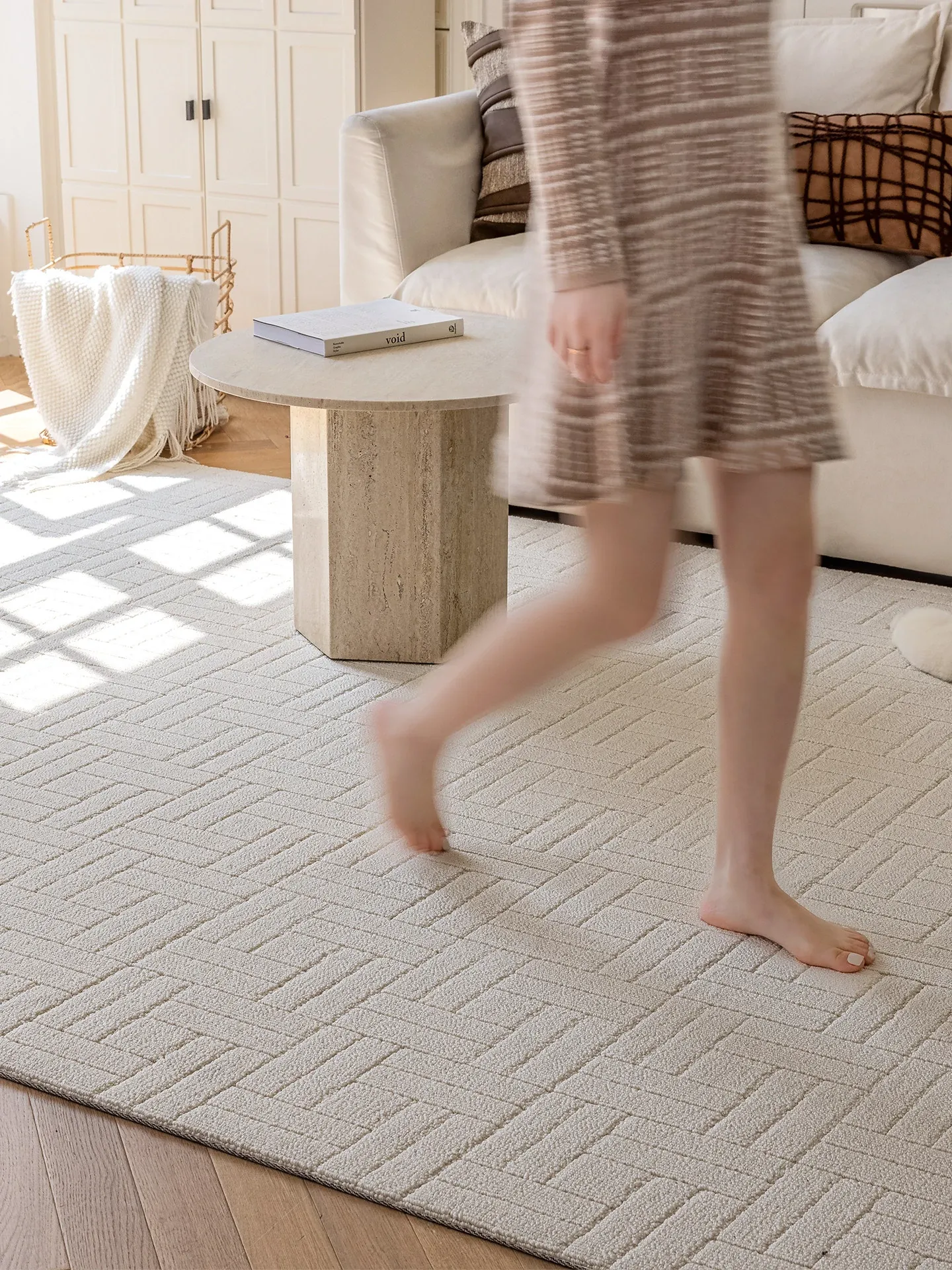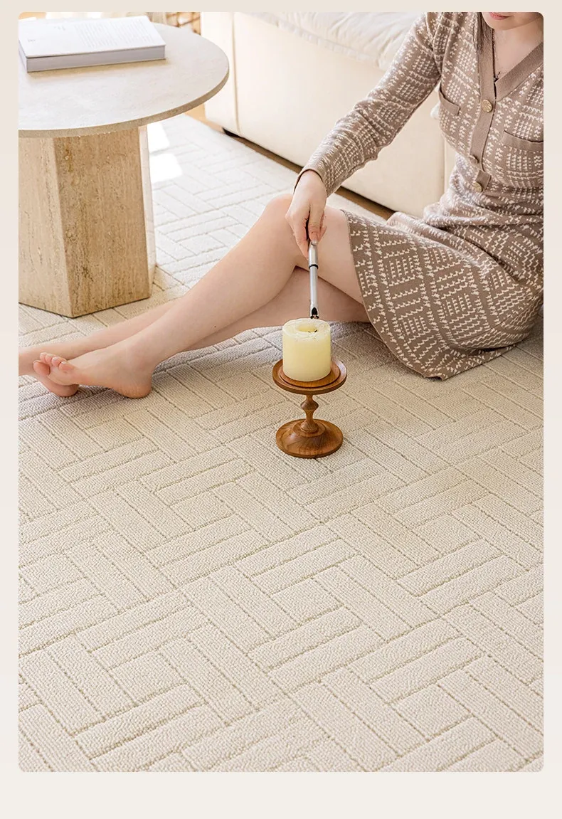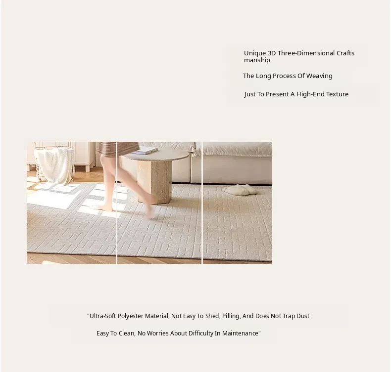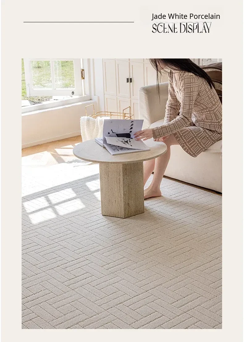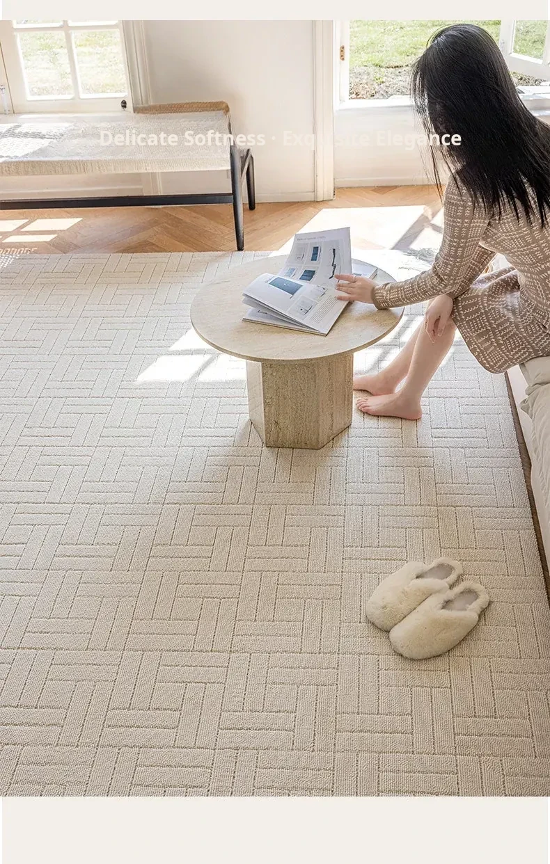 【Clearance Sale】Elegant French Cream-Style Carpet with 3D Relief for Living Room - Premium Quality, Soundproofing, Antibacterial, and Chic White for Your Bedroom.
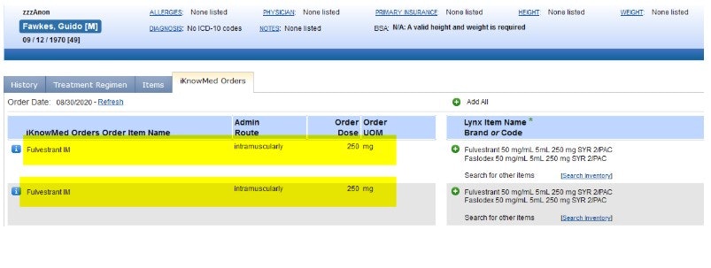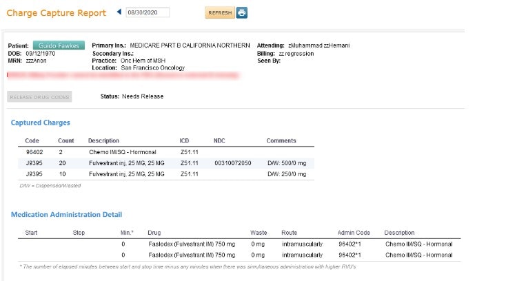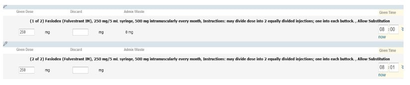 Faslodex (Fulvestrant) total dose incorrect on charge capture
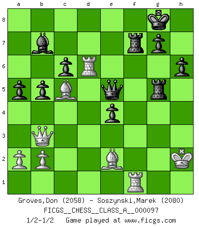 Last move : 1/2-1/2 2011 July 13 8:12:51 [Event "FICGS__CHESS__CLASS_A__000097"] [Site "FICGS"] [Date "2011.07.02"] [Round "1"] [White "Groves,Don"] [Black "Soszynski,Marek"] [Result "1/2-1/2"] [WhiteElo "2058"] [BlackElo "2080"] 1.Nf3 d5 2.d4 Nf6 3.c4 e6 4.Nc3 c6 5.e3 Nbd7 6.Qc2 Bd6 7.Bd3 O-O 8.O-O dxc4 9.Bxc4 b5 10.Bd3 Bb7 11.Ng5 Bxh2+ 12.Kxh2 Ng4+ 13.Kg1 Qxg5 14.f3 Ngf6 15.e4 Qh4 16.Be3 e5 17.Ne2 a5 18.Rfd1 Nh5 19.g4 Ng3 20.Kg2 Nxe2 21.Bxe2 Qf6 22.g5 Qg6 23.dxe5 Nxe5 24.Kg3 Rae8 25.Rac1 h6 26.f4 f5 27.Bc5 fxe4 28.Qb3+ Rf7 29.fxe5 Rxe5 30.Kh2 Rxg5 31.Rd6 Qf5 32.Rf1 Qe5+ 1/2-1/2 Reti Opening Kingside Castling by player Black (move 7) Kingside Castling by player White (move 8) This chess game ended in a draw. Follow this game move after move (download)Methodical thinking is of more use in Chess than inspiration. (C. J. S. Purdy) Der Traum, für den ich lebe, ist der von einem freien Russland. Viele mögen sagen: Russland hat doch ein Parlament, einen gewählten Präsidenten. Aber ich spüre, dass in meiner Heimat die Angst wiederkehrt. Eine Angst, sich frei zu äußern, bestimmte Dinge zu tun (Garry Kasparov) Yo jugué Ajedrez con el y a veces le pude haber ganado solo que siempre devuelve su última jugada y juega la partida de manera diferente. (Mark Twain) Vouloir jouer aux échecs contre soi-même est aussi paradoxal que vouloir marcher sur son ombre. (Stefan Zweig) It's only after you lost everything, Tyler says, that you're free to do anything. (Chuck Palahniuk, Fight Club)
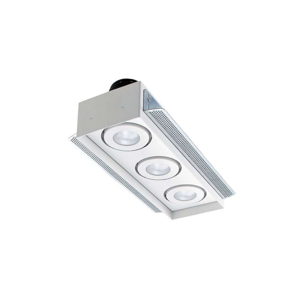 Oprawa do wbudowania do zastosowań wewnętrznych; wpuszczany (sufit); korpus ze stopu aluminium anodowanego EN AW 6082, wykończenie z blachy; wykończenie: biały; 3 (1+1+1) wielochipowe diody LED mocy; 40W - 230Vac; zasilacz: dołączony i okablowany; zawiera kabel 0,30 m; całkowite dostarczone lumeny: 950 lm (3000 K) na emisję; regulowana optyka ±15°: 20°, 40°; kolor LED: biały - 2700K, 3000K, 4000K; stopień ochrony: IP40, IP43 zainstalowany; temperatura pracy: 0°C +45°C; temperatura ekranu: max 40°C (Ta 25°C); bezpieczeństwo fotobiologiczne: grupa ryzyka 1 zgodnie z EN62471:2006; klasa urządzenia: II; waga 1,50 kg; wymiary 275x95x101 mm; rozmiar wycięcia 95x275 mm; całkowita objętość 190x370x150 mm; ściemnianie za pomocą DALI, 1-10V, PUSH; akcesoria: obudowa zewnętrzna WC2403

======

§ **TASK TO COMPLETE**:
Every line from the top of the material above through the line with "Last move : 1/2-1/2" should be duplicated exactly, please; leave out the pictures.

§ **SOLVED EXERCISE**:
 【Clearance Sale】Elegant French Cream-Style Carpet with 3D Relief for Living Room - Premium Quality, Soundproofing, Antibacterial, and Chic White for Your Bedroom.
 Faslodex (Fulvestrant) total dose incorrect on charge capture
 Last move : 1/2-1/2 2011 July 13 8:12:51 [Event "FICGS__CHESS__CLASS_A__000097"] [Site "FICGS"] [Date "2011.07.02"] [Round "1"] [White "Groves,Don"] [Black "Soszynski,Marek"] [Result "1/2-1/2"] [WhiteElo "2058"] [BlackElo "2080"] 1.Nf3 d5 2.d4 Nf6 3.c4 e6 4.Nc3 c6 5.e3 Nbd7 6.Qc2 Bd6 7.Bd3 O-O 8.O-O dxc4 9.Bxc4 b5 10.Bd3 Bb7 11.Ng5 Bxh2+ 12.Kxh2 Ng4+ 13.Kg1 Qxg5 14.f3 Ngf6 15.e4 Qh4 16.Be3 e5 17.Ne2 a5 18.Rfd1 Nh5 19.g4 Ng3 20.Kg2 Nxe2 21.Bxe2 Qf6 22.g5 Qg6 23.dxe5 Nxe5 24.Kg3 Rae8 25.Rac1 h6 26.f4 f5 27.Bc5 fxe4 28.Qb3+ Rf7 29.fxe5 Rxe5 30.Kh2 Rxg5 31.Rd6 Qf5 32.Rf1 Qe5+ 1/2-1/2 Reti Opening Kingside Castling by player Black (move 7) Kingside Castling by player White (move 8) This chess game ended in a draw. Follow this game move after move (download)Methodical thinking is of more use in Chess than inspiration. (C. J. S. Purdy) Der Traum, für den ich lebe, ist der von einem freien Russland. Viele mögen sagen: Russland hat doch ein Parlament, einen gewählten Präsidenten. Aber ich spüre, dass in meiner Heimat die Angst wiederkehrt. Eine Angst, sich frei zu äußern, bestimmte Dinge zu tun (Garry Kasparov) Yo jugué Ajedrez con el y a veces le pude haber ganado solo que siempre devuelve su última jugada y juega la partida de manera diferente. (Mark Twain) Vouloir jouer aux échecs contre soi-même est aussi paradoxal que vouloir marcher sur son ombre. (Stefan Zweig) It's only after you lost everything, Tyler says, that you're free to do anything. (Chuck Palahniuk, Fight Club)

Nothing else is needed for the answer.